Failure modes are bounded: a single provider 5xx returns an `errors[]` entry, never a 500 on the parent call. A timeout is recorded as `error.code: "timeout"` with the elapsed milliseconds. A schema-level mismatch (rare. Usually a provider rolling out a breaking change) is logged and the provider's slot is omitted from `results[]` rather than silently corrupting the response.
When to use a multi-LLM API (and when not to)
Use `/v1/check` when you're building anything that needs cross-provider data: brand-monitoring tools, GEO scoring, AI-visibility dashboards, model-comparison reports, prompt-quality benchmarks, or vendor-risk reviews where 'are we too dependent on one model?' is a real question. The endpoint also fits internal tools.
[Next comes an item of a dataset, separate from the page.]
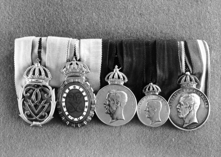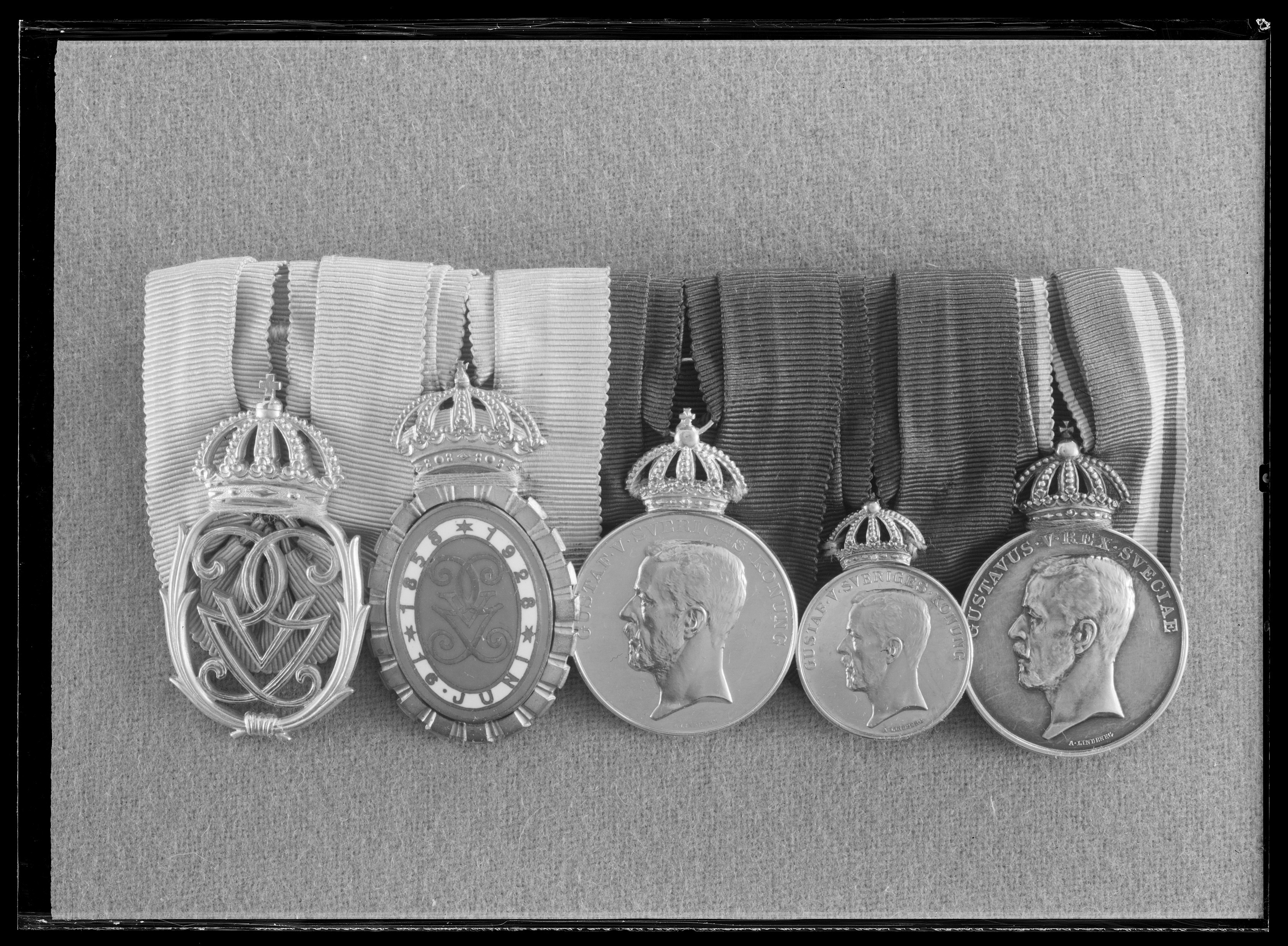 Från vänster: 1. Gustav V:s jubileumsminnestecken II, 1948, stämplar på baksidan: S&Co, S:t Erik, X 8, tre kronor, S (Sporrong & Co, Stockholm 1948). 2. Gustav V:s jubileumsminnestecken I 1928. 3. Hovmedaljen, 8:e storleken av guld, krönt, åtsida: Gustav V, halsbild, profil v, signatur: "A.LINDBERG", omskrift: "GUSTAF.V.SVERIGES.KONUNG", frånsidan slät, graverad text: "O.M.STRÅHLE // 1905-1935", band av kungsblå sidenmoaré. 4. Hovmedaljen, 5:e storleken av guld, krönt. åtsida: Gustav V, halsbild profil v., signatur "A.LINDBERG", omskrift: "GUSTAV.V.SVERIGES.KONUNG", frånsidan slät, graverad text: "O.M.STRÅHLE // 1905-1935", band av kungsblå sidenmoaré. 5. Nya Sverige-medaljen av silver, krönt, åtsida: Gustav V, halsbild profil v., signatur: "A.LINDBERG", omskrift: "GUSTAVUS.V.REX.SVECIAE", frånsida , text: "SUECIAE // NOVAE // IN MEMORIAM // 1638-1938", tre kronor samt åttauddig stjärna, bamd av blå sidenmoaré med gul-blå-gula kantränder. Monterade på spänne med platta av gulmetall, b: 29 mm, säkerhetsnål av vitmetall på baksidan.
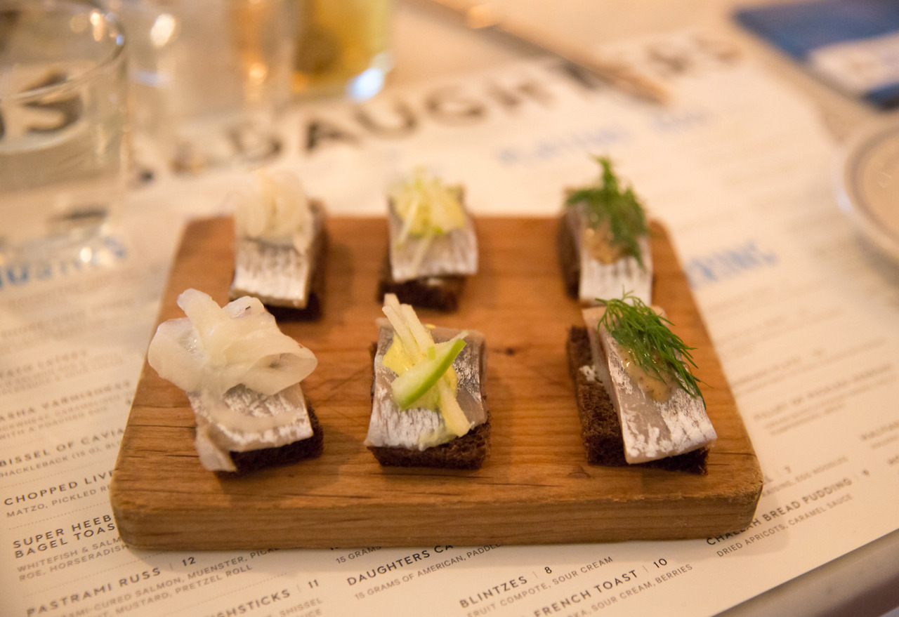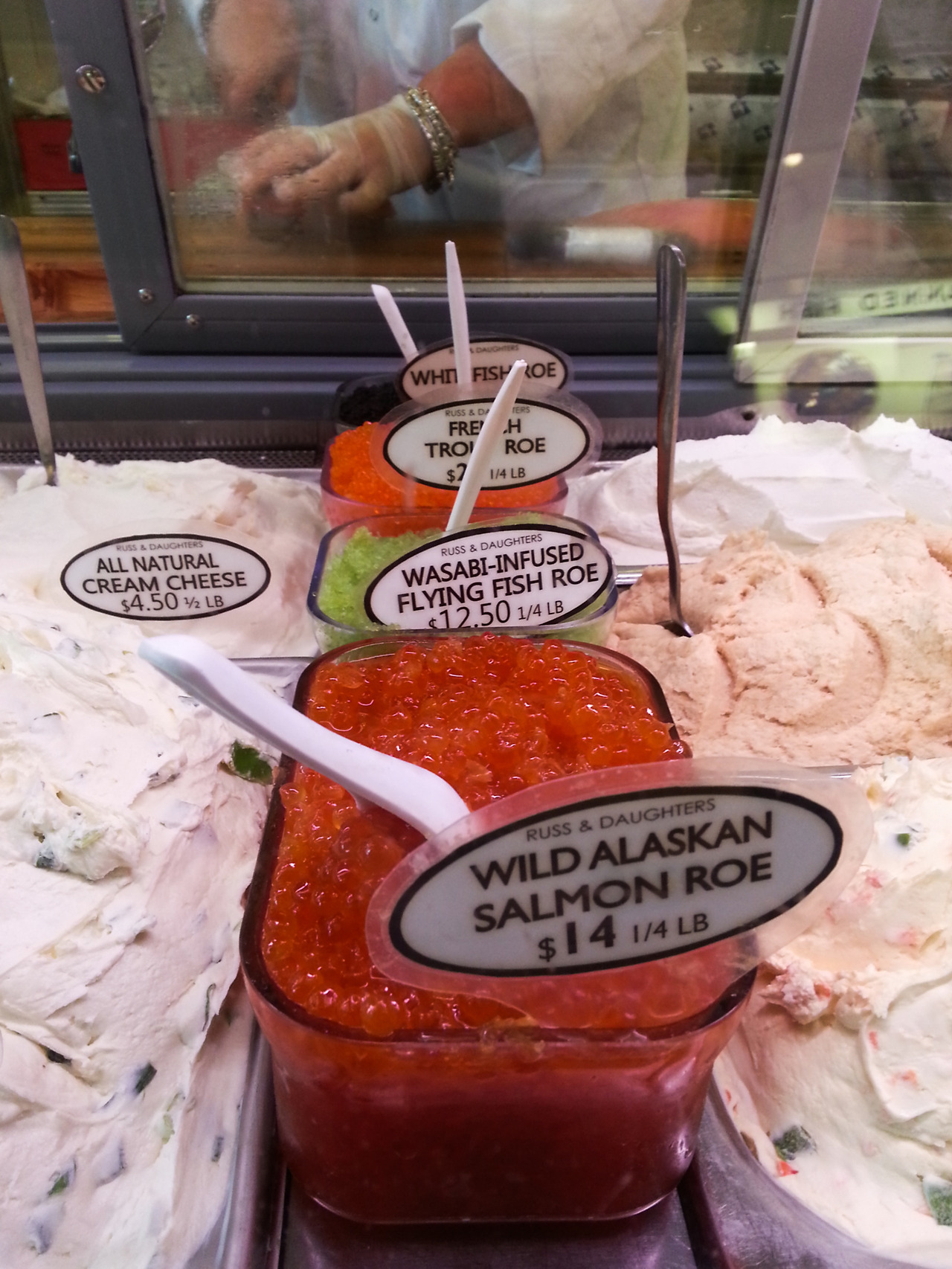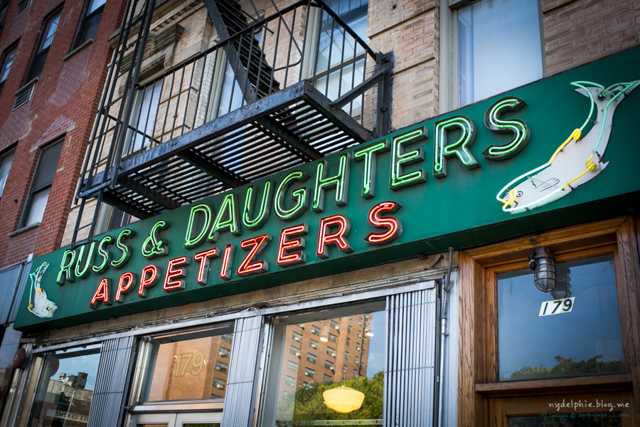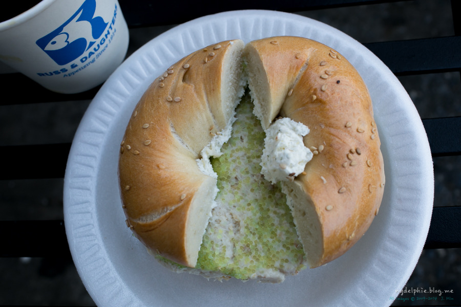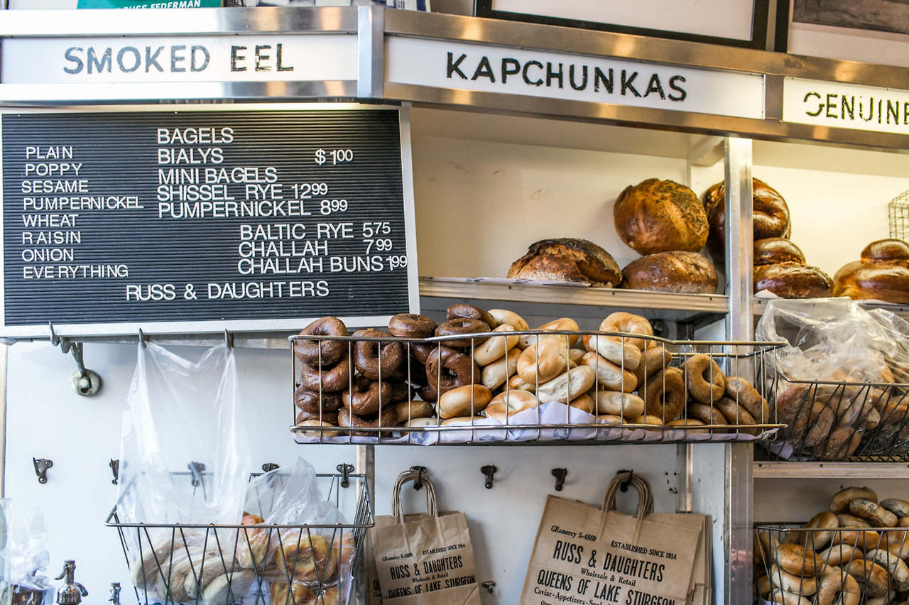 다소 작고, 딱딱하고, 쫄깃한 베이글을 반으로 잘라 크림치즈, 연어, 양파 등 다양한 속재료를 넣어 먹는데 그런 속재료를 전문적으로 파는 유대인 식료품점을 애피타이징 스토어라 한다.속재료를 돋보이게 하는 역할에 가장 충실한 것이 베이글의 정석이며 이를 밧볼 수 있는 가게가 러스앤도터스인 것이다.

Pricing teams running competitive prompts daily, content teams checking which engine cites them, data teams running regression tests across model upgrades.
Don't use it for single-shot generative work. If you're building a chat product, a summarization pipeline, or a one-LLM agent loop, the OpenAI or Anthropic SDK is cheaper and more featureful. They expose streaming, function calling, and provider-specific knobs we deliberately don't surface. Multi-LLM fan-out is overhead you don't need when only one model's answer matters.
Don't use it as a routing layer either. If your goal is 'pick the cheapest provider for this prompt and return that one answer,' OpenRouter is purpose-built for that. We're optimized for the inverse problem: you want every provider's answer side by side, normalized, with brand and citation extraction layered on top. Different shape, different bill.